Summary: Asking the right questions: decision trees
A decision tree classifies by asking a sequence of yes/no questions, like a flowchart, funnelling each example down to a leaf that holds the prediction. It is built greedily, at each step choosing the question that best separates the classes, and a single tree is powerfully interpretable but unstable, which is exactly the flaw the next lesson fixes. This summary is the scan version of the full lesson.
Core ideas
Section titled “Core ideas”- A tree is a flowchart. Root (first question), internal nodes (follow-up questions), leaves (predictions). To predict, follow the path of answers from root to leaf.
- No boundary, just questions. Unlike logistic regression’s single straight boundary, a tree carves the space into boxes with a sequence of splits, capturing non-linear patterns.

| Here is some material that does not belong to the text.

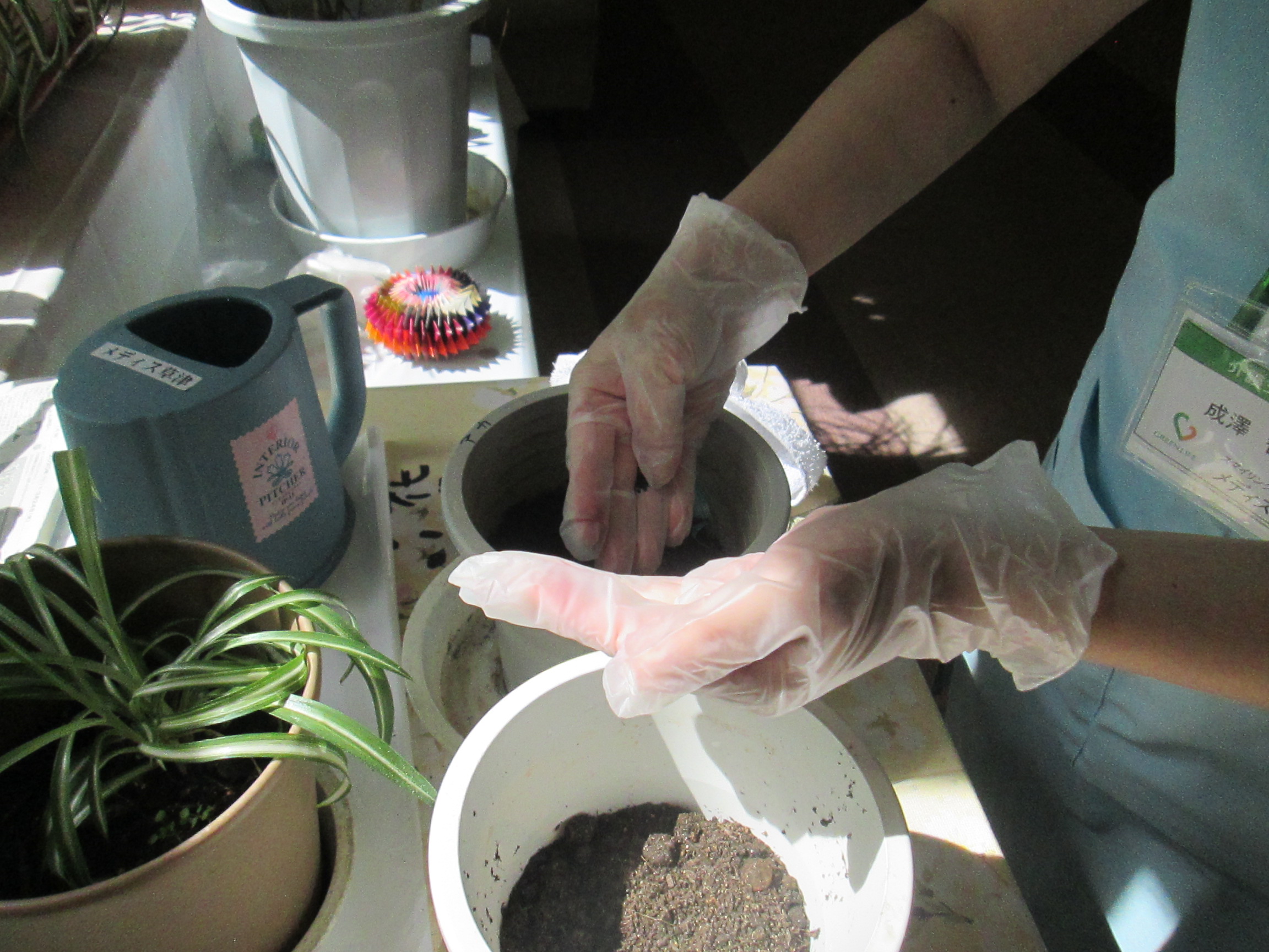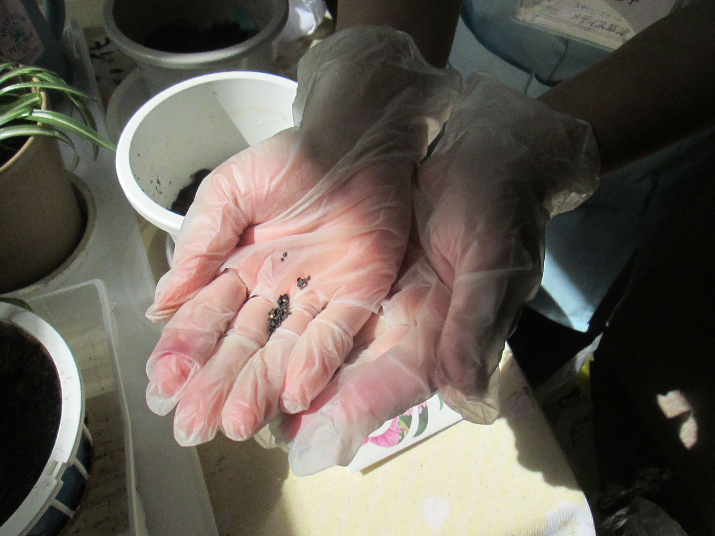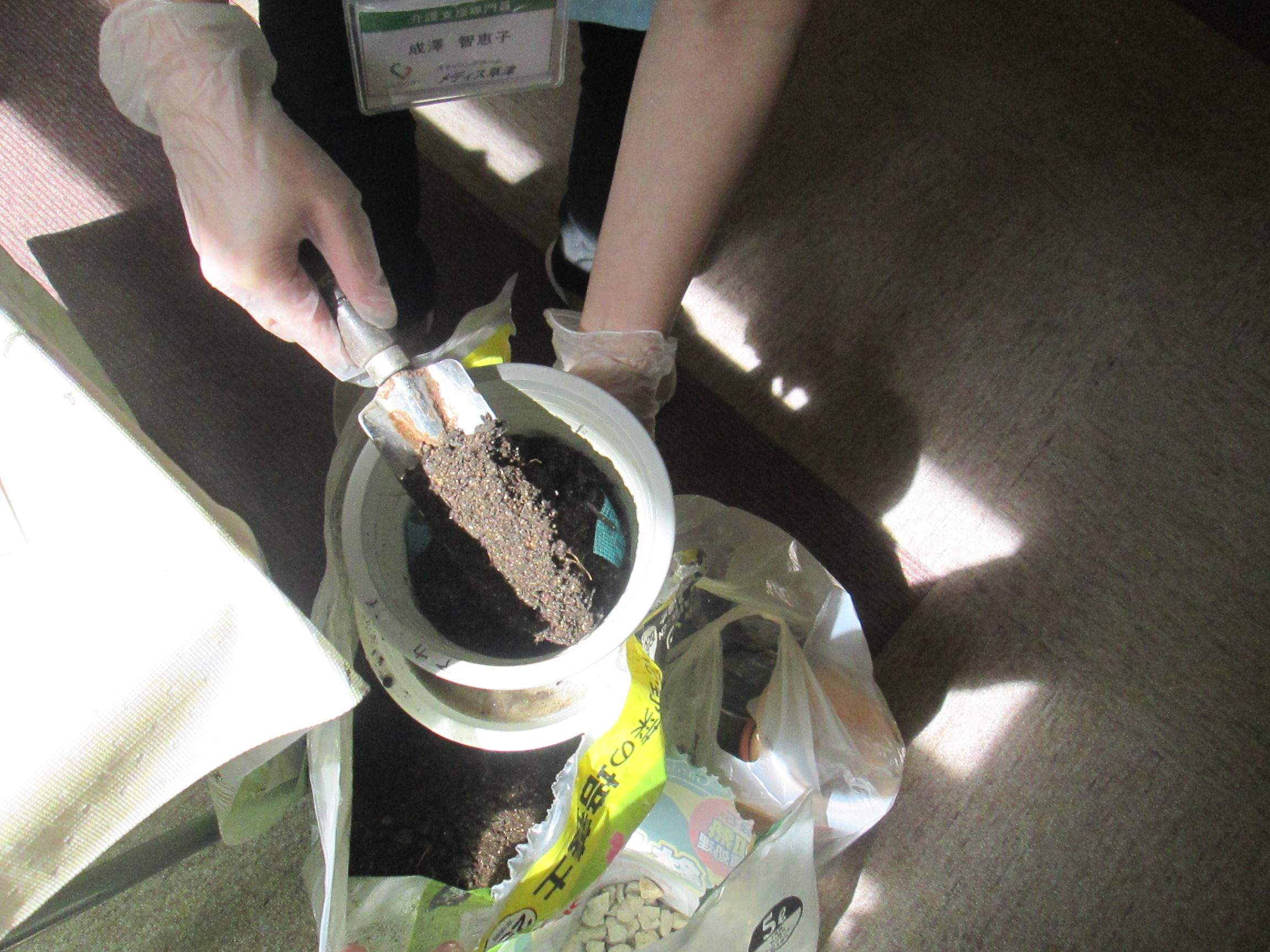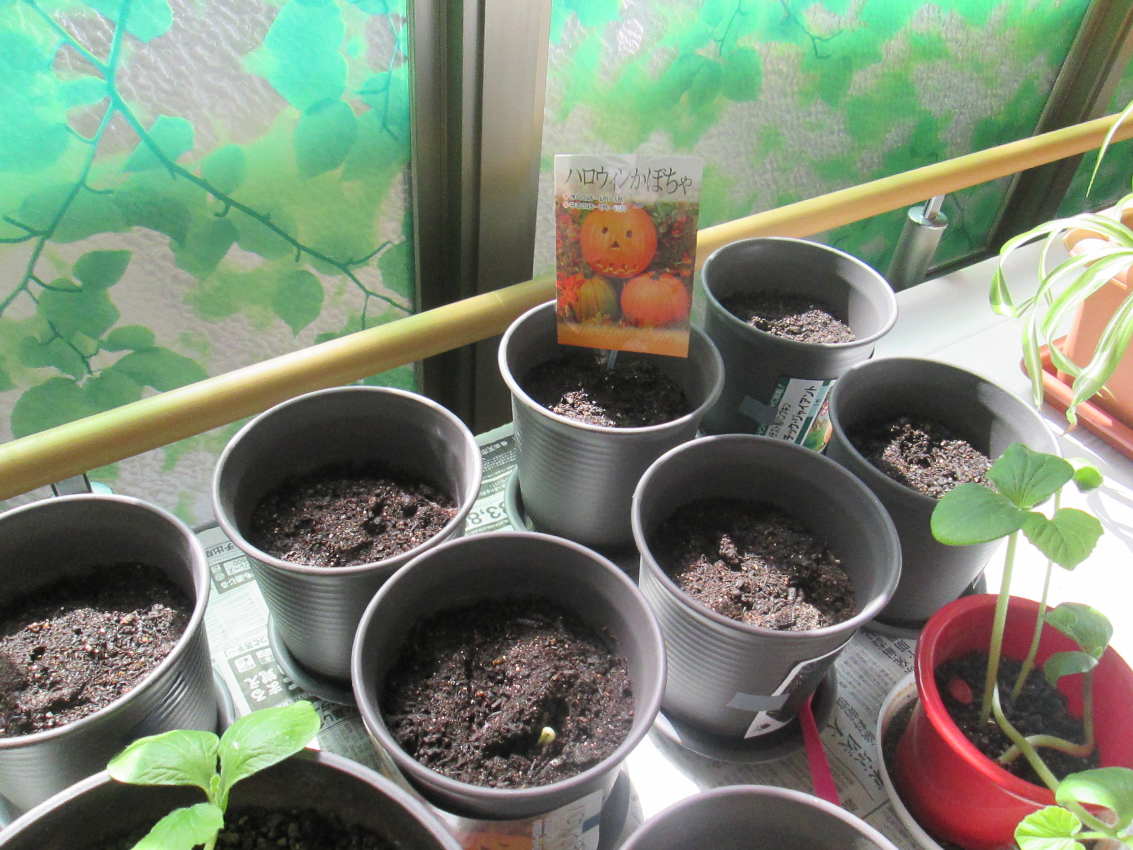 先日入居者様と種蒔きしたハロウィンかぼちゃの芽を発見✨
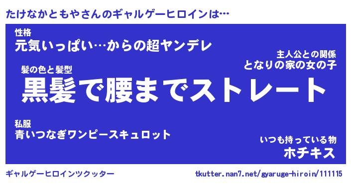 | 男性向けラノベタイトル風あだ名 | 『たけなかともやの憂鬱』 |

- Built by reducing impurity. At each node, the algorithm picks the question that best separates the classes into purer groups. Purity is measured by Gini impurity or entropy: 0 for all-one-class, maximum for a 50/50 mix. The best split reduces impurity the most, then the process repeats on each branch.
- An unrestrained tree overfits. Left alone it splits until every leaf is one example, memorizing noise. Trees are reined in by depth limits, minimum leaf sizes, or pruning.
- Strengths: interpretable, non-linear, handles mixed feature types, no rescaling needed.
- Key weakness: instability. A small change in the data can produce a very different tree (high variance). A single tree overfits easily.
- Regression trees apply the same idea to predict a number: each leaf outputs the average of the values that land there.
What changes for you
Section titled “What changes for you”A decision tree is the rare model whose reasoning you can read like a recipe, which is why it matters anywhere a decision must be explained: a tree that denies a loan shows you the exact path of questions that led there, something a neural network cannot offer. It also reframes a headline you may have heard: the models that actually win on spreadsheet-shaped data (random forests, gradient-boosted trees) are not exotic, they are crowds of these simple trees. And the tree’s one real flaw, its instability, is not a dead end but a setup. The next lesson turns “one tree is unreliable” into “so grow many and let them vote,” which is the surprisingly powerful idea behind the random forest.